Alternating Carrier Models and the Energy Conservation Laws

Abstract

Membrane proteins such as transporters, exchangers, and cotransporters, have traditionally been represented by different versions of the mobile carrier model as illustrated in Fig. 1 A. For a number of transporters, the apparent affinities for intracellular and extracellular substrates have been shown to be different. This has been accounted for in transport activity models by creating an asymmetry in the rate constants for the binding and debinding reactions on each side of the membrane. Care must be taken to adjust the rate constants of the other reactions in the transport cycle in such a way that the microscopic reversibility principle is respected.
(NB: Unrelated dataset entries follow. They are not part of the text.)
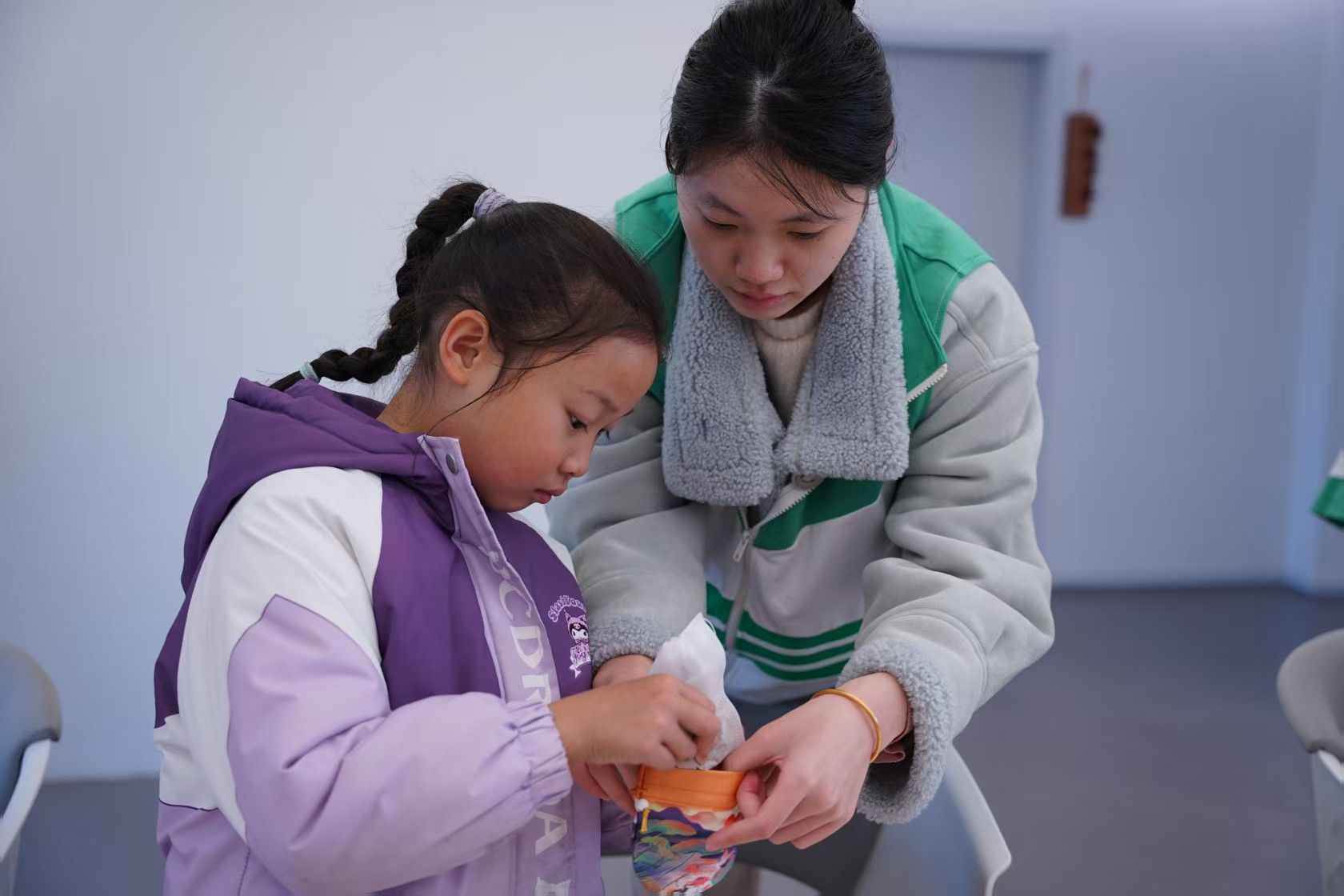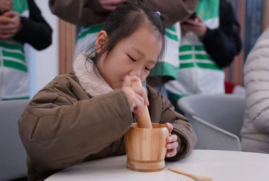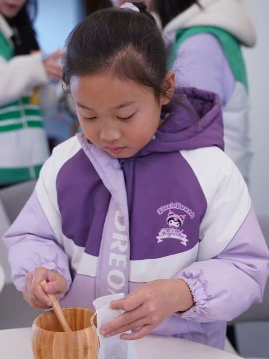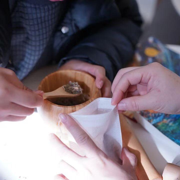 香囊制作区同样热闹非凡,非遗文化小课堂率先开讲。志愿者们生动讲述了香囊的千年传承故事,从古代驱邪避瘟的实用功效,到如今承载祈福纳祥的民俗意义,让大人孩子一同领略传统文化的厚重与魅力。随后,亲子家庭围坐桌前,开启趣味手作时光:孩子们踮着脚尖,与家长一同挑选心仪的香料组合,握着小巧的捣药杵轻轻研磨,细碎的药香伴着欢声笑语弥漫在空气中。穿绳、填料、封口,每一个步骤都凝聚着默契与心意,一枚枚绣着吉祥纹样的香囊逐渐成型。孩子们捧着亲手制作的香囊送到家长手中,奶声奶气地说着“新年快乐”,家长们则将香囊轻轻挂在孩子衣襟,这份双向奔赴的温情,成为冬日里最珍贵的记忆。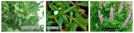 To determine the proximate and mineral composition, total phenolic contents (TPC), total flavonoid contents (TFC), antioxidant capacities (DPPH, ferric-reducing antioxidant power (FRAP) and trolox equivalent antioxidant capacity (TEAC)), and α-amylase inhibition activity, three wild plant samples were collected from different locations in Bangladesh. Two to three samples (300–600 g) were collected for each of the wild plants from every growing location. These were then mixed to make three analytes or composite test samples. The study samples were Achyranthes aspera L. (Upat Lengra), Eclipta alba L. (Kalokeshi), and Vitex negundo L. (Nirgundi). The samples were selected based on their traditional use, by interviewing local people, in treating diabetes. The identification of the samples was confirmed by a taxonomist of the Department of Botany, University of Dhaka, who accompanied the collection team, after examining the morphological characteristics. Photographs of these samples are shown in Figure 1. After collection, the leaves and roots of the samples were separated and gently washed with tap water immediately to remove sand and other extraneous material before being washed with distilled water and then air-dried. Then, the samples were cut into small pieces and freeze-dried (il Shin lab.Co. Ltd., Korea). The freeze-dried samples were ground and homogenized into a fine powder using a grinder. The homogenized samples were sieved to obtain an even particle size, then placed in an air-tight zipper bag and stored at −20 °C until further analysis.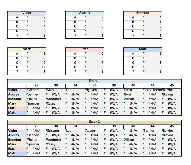 The spreadsheet linked below tries to identify and solve this potential problem, and reduces the labor of identifying students with similar essay scores to compare. I have uploaded the spreadsheet to Google Sheets, but am happy to send anyone a copy of the original Excel file over email and answer any questions. Sample images (with pretend student data) are pictured below.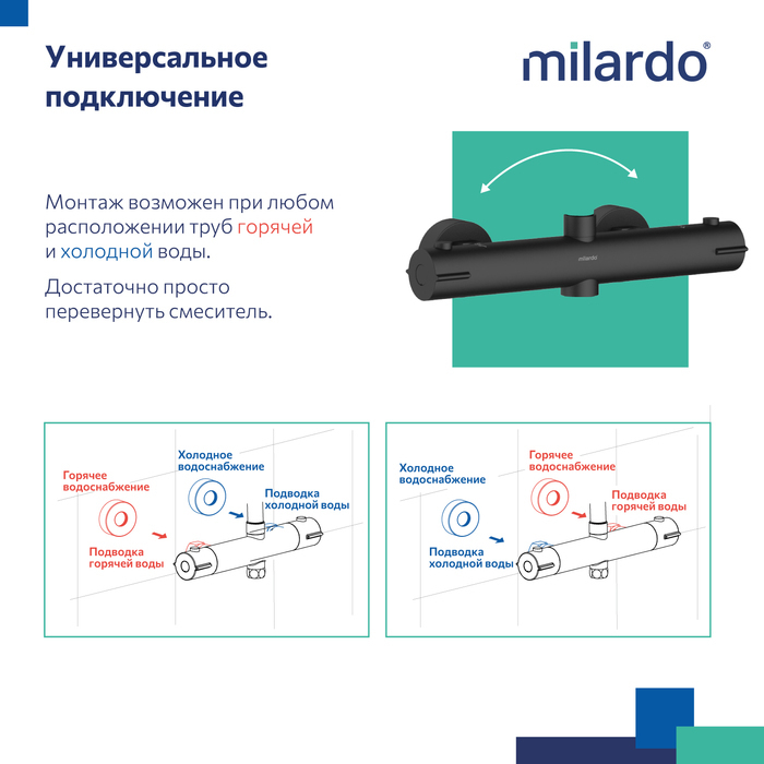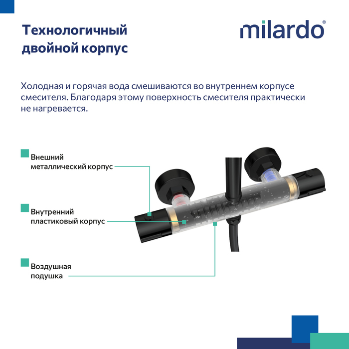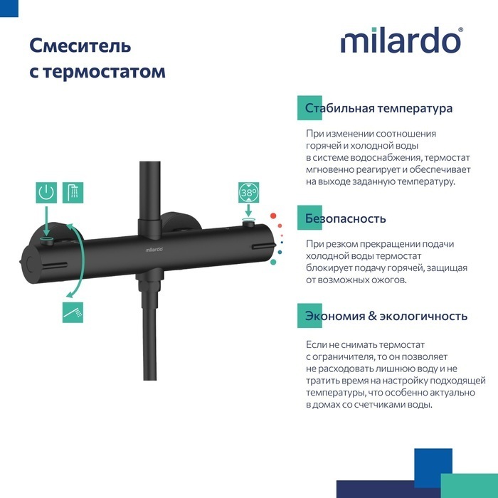 Душевая стойка с термостатом Milardo Ideal Spa ILSBLTHM89, материал латунь, цвет чёрный матовый.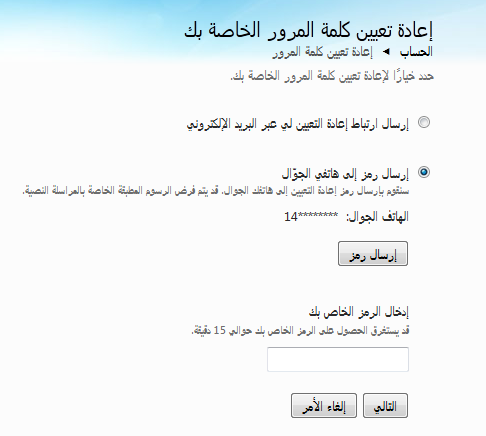 سيظهر لنا خياران الاول ارسال تأكيد على الجوال او على الاميل البديل.

In an article (1) recently published in the Biophysical Journal, R. J. Naftalin argues that a model of the type shown in Fig. 1 A, presenting an asymmetry between the intracellular and extracellular binding constants, violates the energy conservation laws. We don't agree with this conclusion. Figure 1 Different kinetic representations of the transporter mechanism. Panel A represents the mobile carrier model that was implicitly used in the Biophysical Journal article on which we are commenting (1). Panel B represents the alternating access model, which ... The Carrier Model and the Alternating Access Mechanism In the carrier model, a transporter is pictured as a molecule whose binding site(s) is exposed to one side of the membrane at a time, where it can bind or release a substrate molecule. Even though some ionophores are believed to function according to this “ferry boat” mechanism, a multi-transmembrane segment protein is more likely to function with an alternating access mechanism as illustrated in Fig. 1 B, an assumption borne out by the recent crystallographic structures of transporters in different orientations (2–5). In this case, a binding site is alternatively exposed to each side of the membrane through a conformational change. In kinetic modeling, the two mechanisms are indistinguishable as they can be represented by the same number of states linked by the same number of rate constants (Fig. 1 C).